- _Task item_
Below is a listing; print exactly its lines from the one containing "Vends 1 filtre" down to the one containing "The Naples Compact", both inclusive, with every picture left out.

*** Opening Entries supplied ***

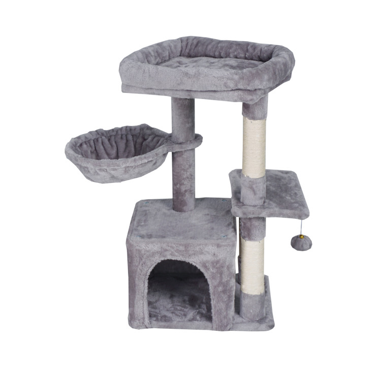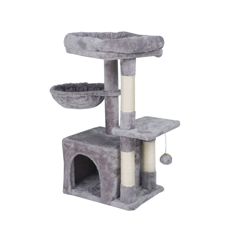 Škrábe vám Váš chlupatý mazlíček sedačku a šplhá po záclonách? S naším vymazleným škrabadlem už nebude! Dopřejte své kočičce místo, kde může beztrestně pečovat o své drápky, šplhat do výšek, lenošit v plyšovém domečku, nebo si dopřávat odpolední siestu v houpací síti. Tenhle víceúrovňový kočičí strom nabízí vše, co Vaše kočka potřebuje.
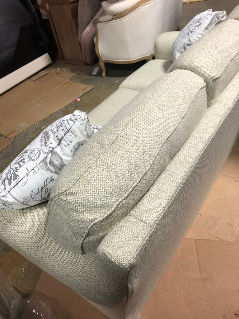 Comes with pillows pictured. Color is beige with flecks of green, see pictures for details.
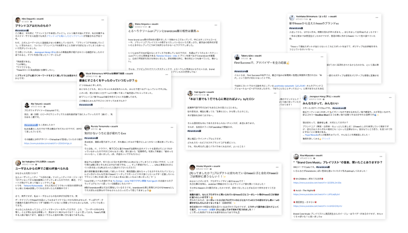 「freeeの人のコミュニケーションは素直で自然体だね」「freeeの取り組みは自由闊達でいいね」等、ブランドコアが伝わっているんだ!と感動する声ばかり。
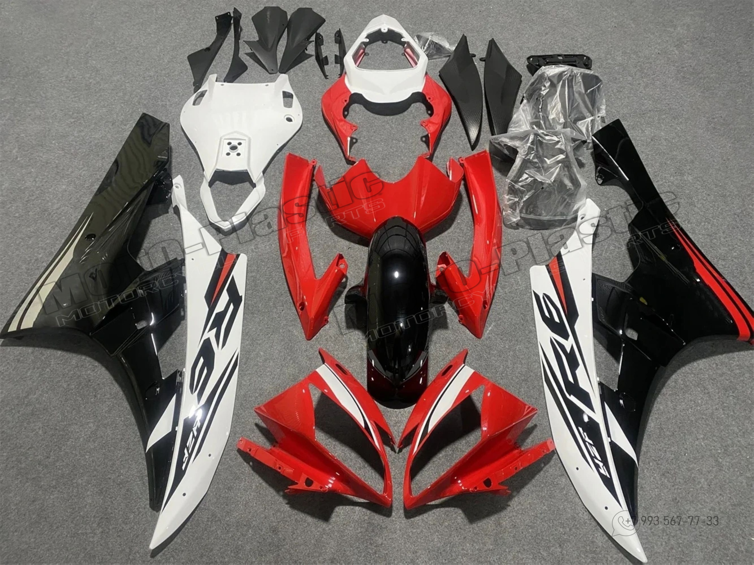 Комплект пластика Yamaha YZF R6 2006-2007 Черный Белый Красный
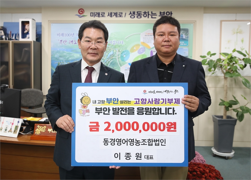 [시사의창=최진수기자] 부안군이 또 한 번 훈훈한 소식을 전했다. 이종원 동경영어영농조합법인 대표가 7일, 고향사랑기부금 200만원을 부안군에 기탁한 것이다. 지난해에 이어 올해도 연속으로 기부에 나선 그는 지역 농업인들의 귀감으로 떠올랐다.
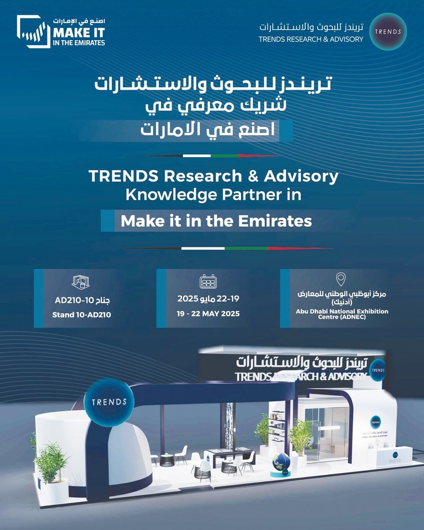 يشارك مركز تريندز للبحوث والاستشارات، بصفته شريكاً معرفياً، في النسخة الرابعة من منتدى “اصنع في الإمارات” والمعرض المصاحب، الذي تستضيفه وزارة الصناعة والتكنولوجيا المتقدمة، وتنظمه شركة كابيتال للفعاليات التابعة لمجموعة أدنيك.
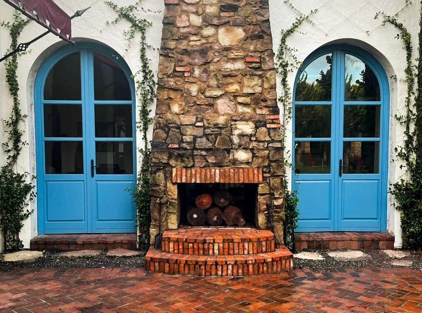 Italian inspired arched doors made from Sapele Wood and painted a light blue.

*** Closing Entries supplied ***
*** Opening Entries supplied ***

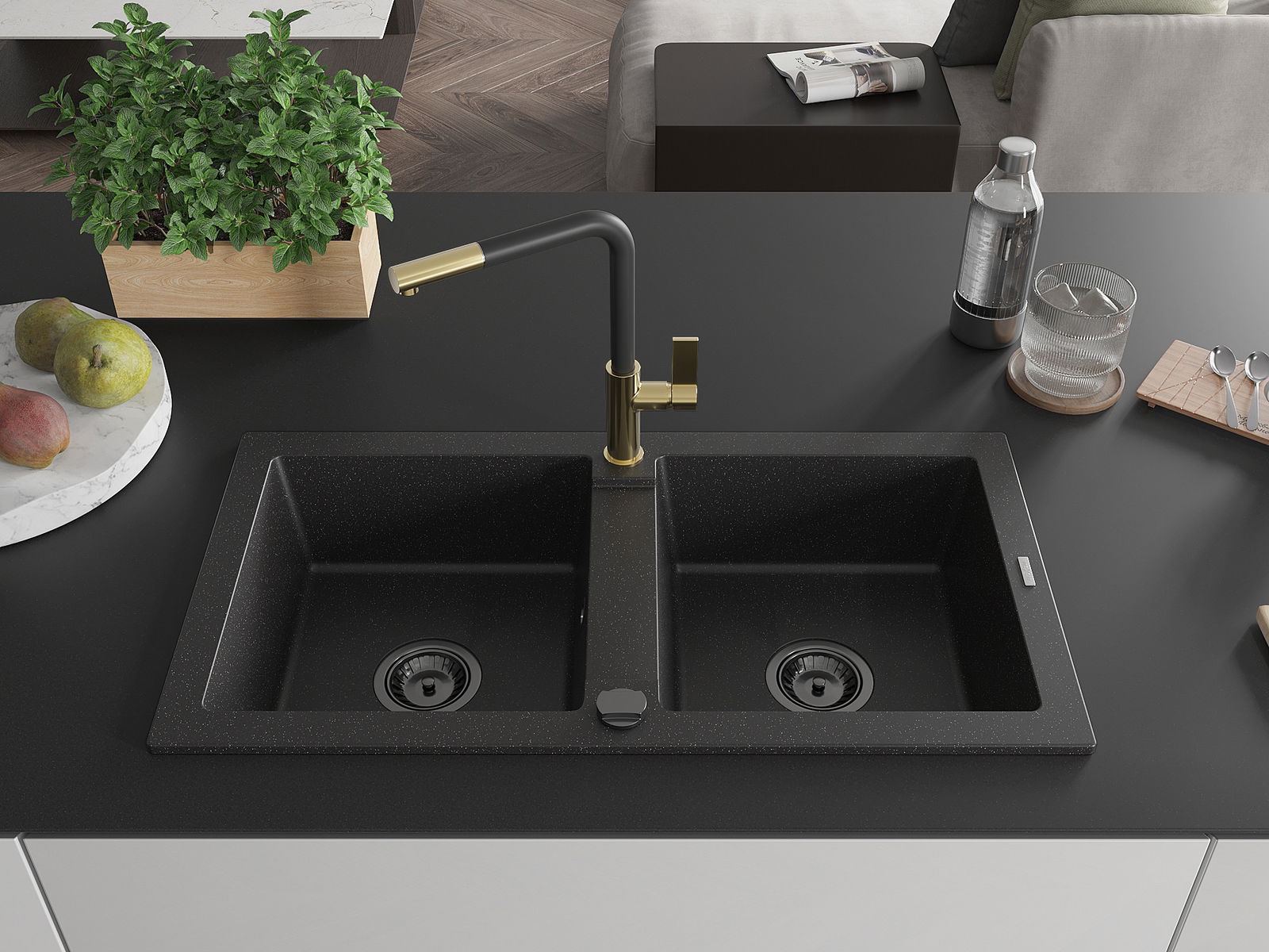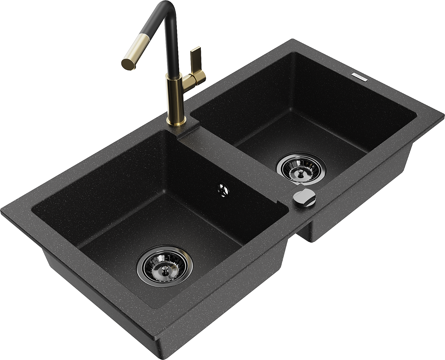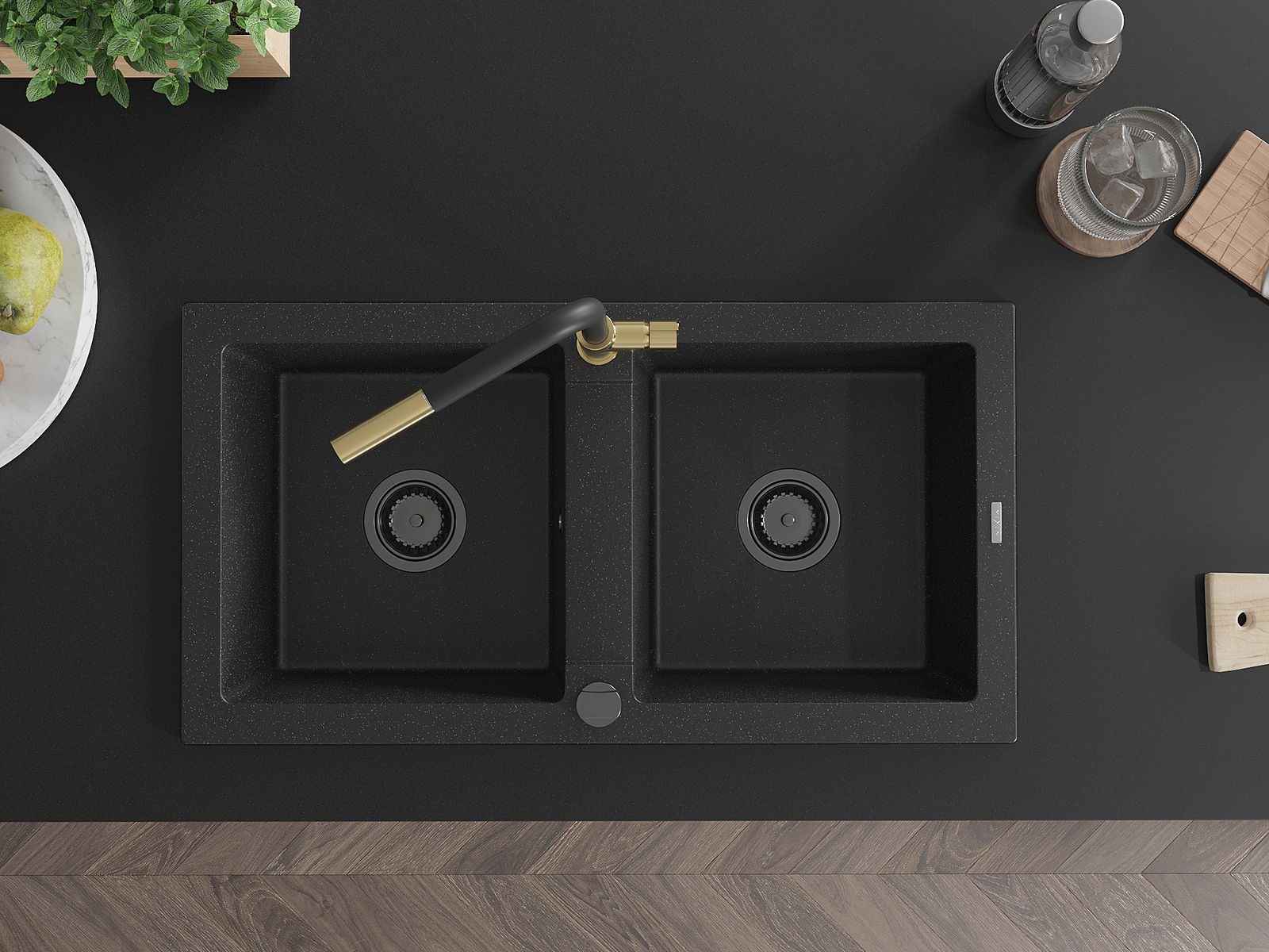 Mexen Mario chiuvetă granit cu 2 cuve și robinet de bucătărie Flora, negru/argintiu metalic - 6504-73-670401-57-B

*** Closing Entries supplied ***
*** Opening Entries supplied ***

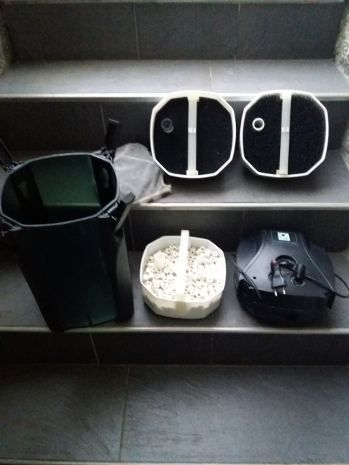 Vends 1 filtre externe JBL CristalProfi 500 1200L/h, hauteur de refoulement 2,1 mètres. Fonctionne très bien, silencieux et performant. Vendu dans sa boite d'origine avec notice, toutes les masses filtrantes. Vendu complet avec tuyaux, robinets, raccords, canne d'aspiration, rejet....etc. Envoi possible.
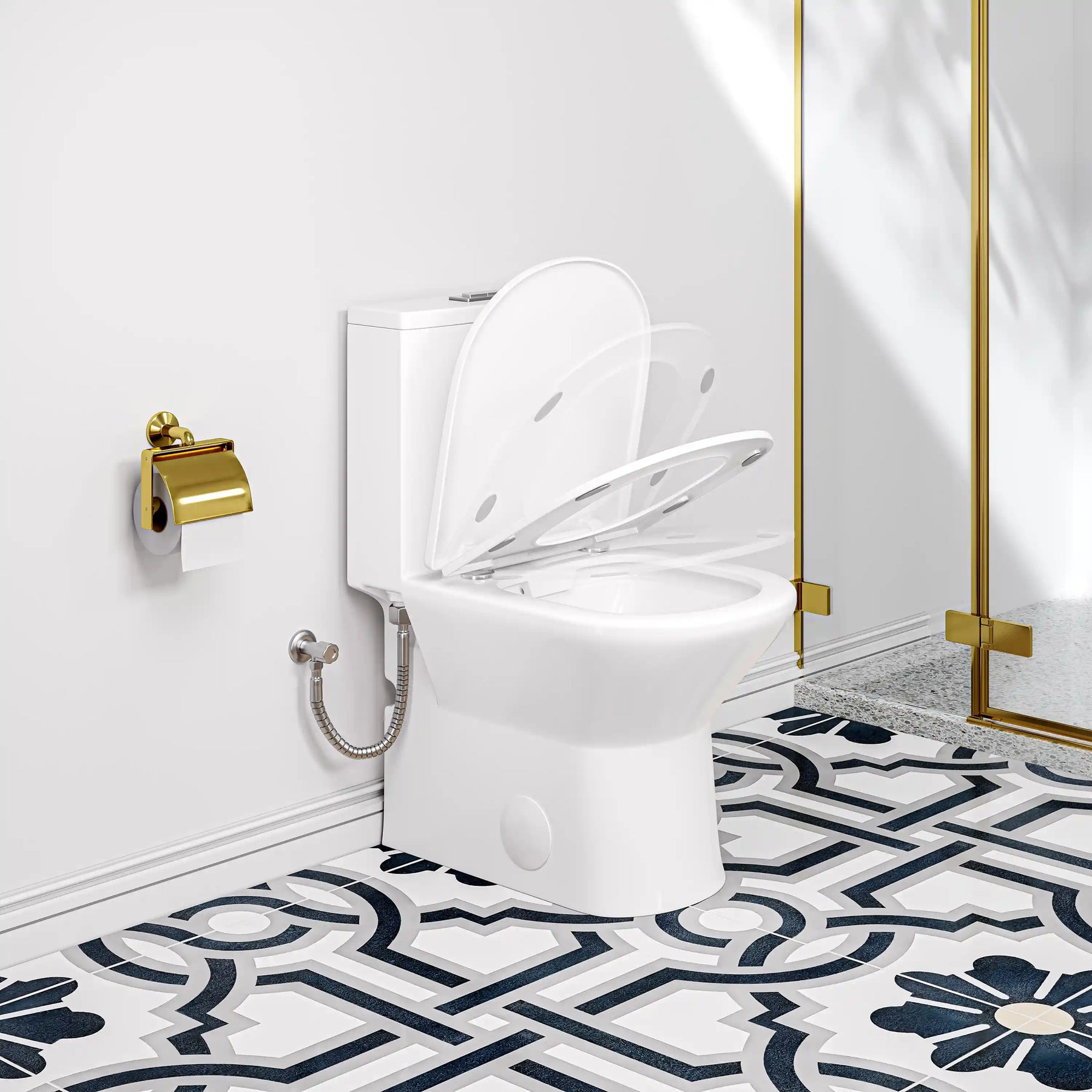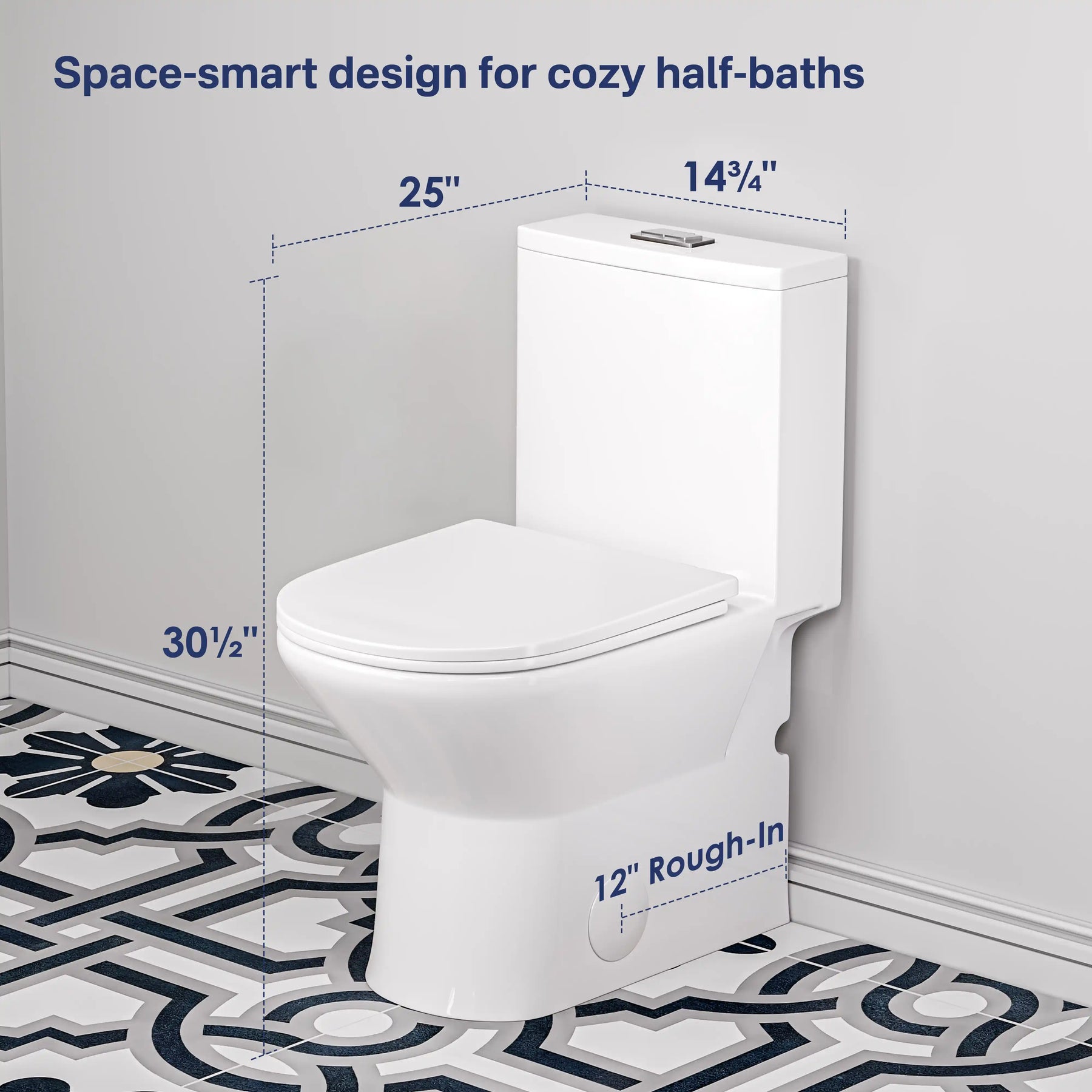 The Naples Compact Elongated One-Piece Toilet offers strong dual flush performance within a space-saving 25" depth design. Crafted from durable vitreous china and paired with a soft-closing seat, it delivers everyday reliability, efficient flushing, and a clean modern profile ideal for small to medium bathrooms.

*** Closing Entries supplied ***

- _Solution to this exercise_
 Vends 1 filtre externe JBL CristalProfi 500 1200L/h, hauteur de refoulement 2,1 mètres. Fonctionne très bien, silencieux et performant. Vendu dans sa boite d'origine avec notice, toutes les masses filtrantes. Vendu complet avec tuyaux, robinets, raccords, canne d'aspiration, rejet....etc. Envoi possible.
 The Naples Compact Elongated One-Piece Toilet offers strong dual flush performance within a space-saving 25" depth design. Crafted from durable vitreous china and paired with a soft-closing seat, it delivers everyday reliability, efficient flushing, and a clean modern profile ideal for small to medium bathrooms.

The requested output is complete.